Code generation and data generator : the best use cases
What is a code generator and data generator? This study provides you examples and research articles about several program automation research fields. This state of the art illustrates various use-cases where tools can be used to generate code and data to ease the coder’s life.
- 1 What can a tool generate for you?
- 2 A State of the art for the code generation tools ?
- 3 Why would we need to generate code?
- 4 When does the testing activity require automation ?
- 5 Tools for Data / Input automatic generation
- 6 Are these tools useful?
What can a tool generate for you?
Generating code from something has been a long time researched domain. Perhaps from the first day, humans began to code; some wanted to automate the process.
During my studies and my early professional life, I have been working and socializing with some of the best researchers and part of the team’s work what oriented about some specialized “code generation” subject fields. Despite not pursuing in the research domain, I created the Tocea company with a focus on automated code quality and security analysis and automatic code refactoring and migration.
A State of the art for the code generation tools ?
During the writing of the article; I tried to find some interesting materials about Automatic Programming or Code generation. I advise you to read the following resources :
- The state of the art in Code Generation
- Giorgi Gogiashvili : The State of the Art of Automatic Programming
I did not exactly find the resource I wanted. Especially about the reasons behind the need for code generation, apart from some specific use-cases. The next section will illustrate my own view on this matter.
Why would we need to generate code?
Several different reasons can bring the need to write a tool to generate some code or data for a code. The figure below is a summary of the reasons why would you need a code generation tool.

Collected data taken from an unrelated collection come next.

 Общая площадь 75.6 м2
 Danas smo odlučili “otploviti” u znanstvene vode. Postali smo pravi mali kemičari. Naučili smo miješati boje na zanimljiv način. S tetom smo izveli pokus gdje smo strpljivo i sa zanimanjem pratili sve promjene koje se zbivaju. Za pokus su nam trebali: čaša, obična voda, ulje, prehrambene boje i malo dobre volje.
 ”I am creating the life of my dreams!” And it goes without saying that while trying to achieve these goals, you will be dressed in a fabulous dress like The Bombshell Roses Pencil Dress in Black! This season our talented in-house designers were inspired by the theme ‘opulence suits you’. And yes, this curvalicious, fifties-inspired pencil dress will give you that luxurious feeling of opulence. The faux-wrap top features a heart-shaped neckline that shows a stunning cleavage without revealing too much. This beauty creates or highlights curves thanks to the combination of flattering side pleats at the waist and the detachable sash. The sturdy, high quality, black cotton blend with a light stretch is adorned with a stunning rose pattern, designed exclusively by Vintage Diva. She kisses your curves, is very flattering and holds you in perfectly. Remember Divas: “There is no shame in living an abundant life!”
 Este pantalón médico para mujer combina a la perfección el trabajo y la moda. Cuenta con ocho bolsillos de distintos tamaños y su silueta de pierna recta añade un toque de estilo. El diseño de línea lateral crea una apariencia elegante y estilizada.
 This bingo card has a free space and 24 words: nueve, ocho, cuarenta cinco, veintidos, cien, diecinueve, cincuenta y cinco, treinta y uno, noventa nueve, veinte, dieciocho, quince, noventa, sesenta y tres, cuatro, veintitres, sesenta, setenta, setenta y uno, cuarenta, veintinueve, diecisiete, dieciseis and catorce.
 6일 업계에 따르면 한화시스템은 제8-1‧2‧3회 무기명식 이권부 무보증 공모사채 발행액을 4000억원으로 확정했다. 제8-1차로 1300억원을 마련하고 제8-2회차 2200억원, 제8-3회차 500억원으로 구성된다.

I cannot in a simple article list all kind of tools for each category, however, I will give you some samples :
Under this term, you find the following concept (from this interesting resource) :
“The user says what to do, the computer builds a program that does it”

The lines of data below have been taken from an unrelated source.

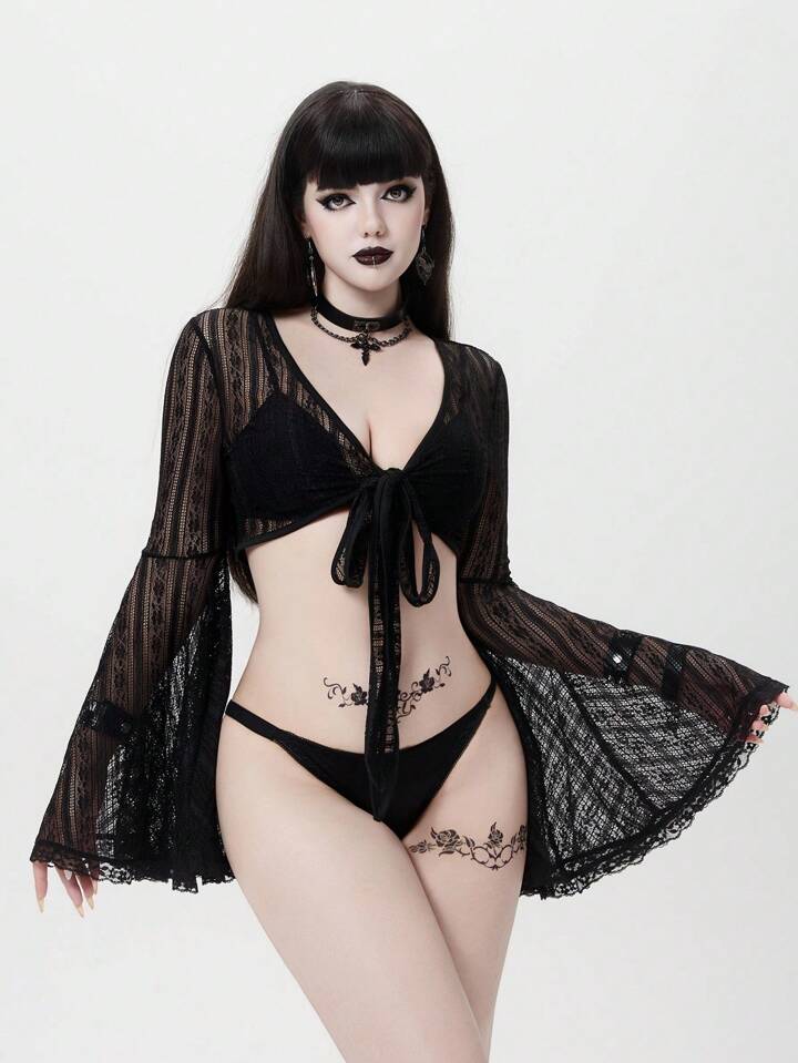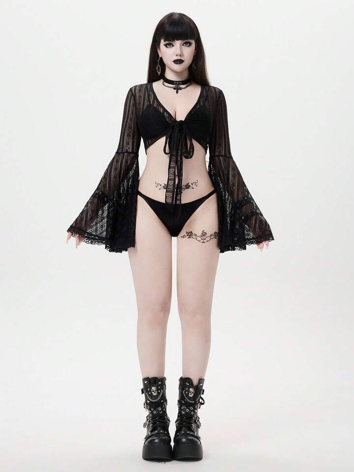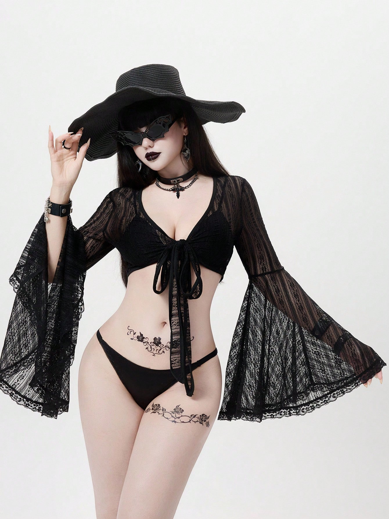 Goth Gotischer Vampir-Graf Ausschnitt-Spitze Glockenärmel Crop Kimono, Halloween
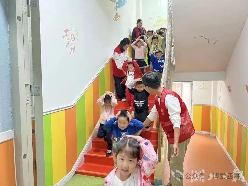 模拟警报声响起,孩子们迅速反应,依照所学知识在课桌下规范采取“伏地、遮挡”姿势紧急避险;警报解除后,在老师与志愿者的有序引导下,孩子们手捂口鼻、保持低姿,沿指定安全路线快速疏散至操场集结区域。
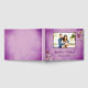 Un hermoso libro de bodas de color morado, usa la plantilla para subir tu foto al diseño. Debajo de la foto está tu nombre presentado con una bonita letra cursiva morada con la fecha de tu boda que se muestra a continuación. En las esquinas superior derecha e inferior izquierda hay un ramo de flores púrpura muy bien presentado. El fondo es un diseño de pergamino morado. Personaliza tu libro de bodas hoy! Foto de archivo: Foto de bruce mars de Pexels
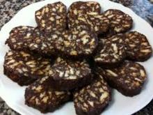 Per 4 persone: 150 gr. di burro morbidissimo a temperatura ambiente, una scatola di cacao amaro in polvere, zucchero q.b. secondo il gusto, poco rum fantasia per dolci, 3 tuorli d’uovo, 300 gr. di biscotti secchi tritati grossolanamente, un pizzico di sale.
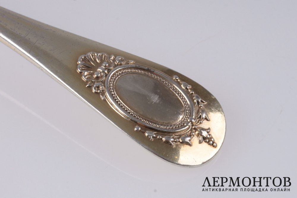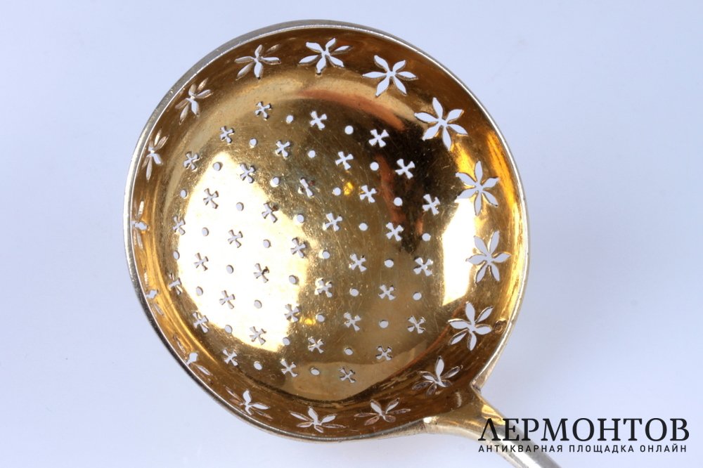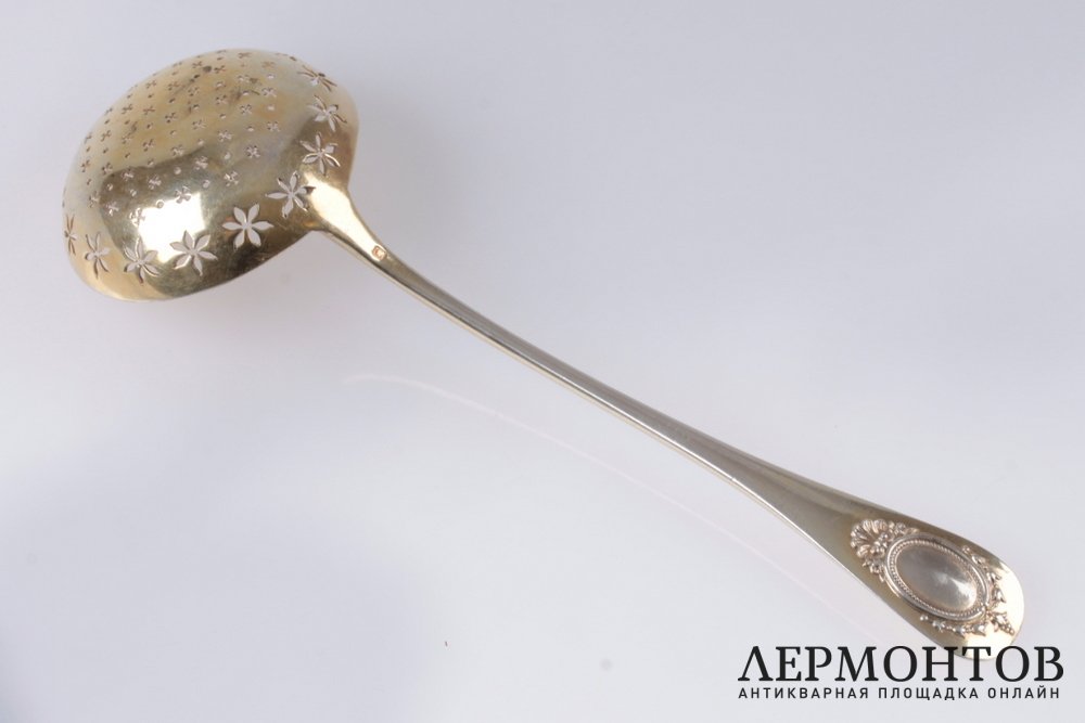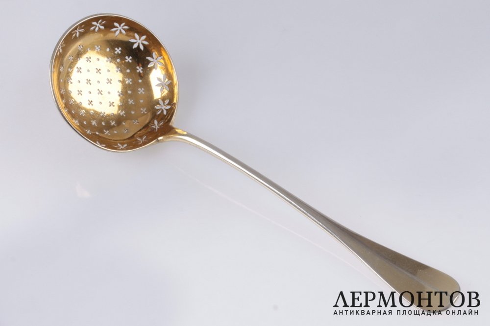 Ложка для сахарной пудры, изготовленная из серебра 950 пробы во Франции в период между в конце XIX - начале XX веков. Выполнена в классическом стиле, частично покрыта позолотой. Сохранена в очень хорошем состоянии.

To be more precise, almost all tools using machine learning or deep learning fall under this category. After all, you are providing a dataset and you train a model that is basically the logic of your program.
If you are not convinced, have a look at this resource or these ones :
The following video is quite interesting too :
Automatic refactoring tools
I have been working for several years on this particular research field and my goal was the following one :
To secure an application, first and foremost the application has to be of good quality. What about the quality if the technical debt is too high? Let’s find an automatic way to refactor it.
This field has a lot of traction and you may find a lot of interesting resources about tools, prototypes, and methods.
Here’s a shortlist to spark your interest :
- 2014 : Manual Refactoring Changes with Automated Refactoring Validation
- 2011 : TrueRefactor : An Automated Refactoring Tool to Improve Legacy System and Application Comprehensibility
- 2017 : MultiRefactor: Automated Refactoring To Improve Software Quality
- 2009 : Automated Refactoring Suggestions Using the Results of Code Analysis Tools
- 2019 : Automatic software refactoring: a systematic literature review
Automatic migration tools
Another interesting field. Programs like all living creatures and all human creations are under the effect of time. They get old, erode, and ultimately will disappear. In computer science, an “old” application is also called a legacy application.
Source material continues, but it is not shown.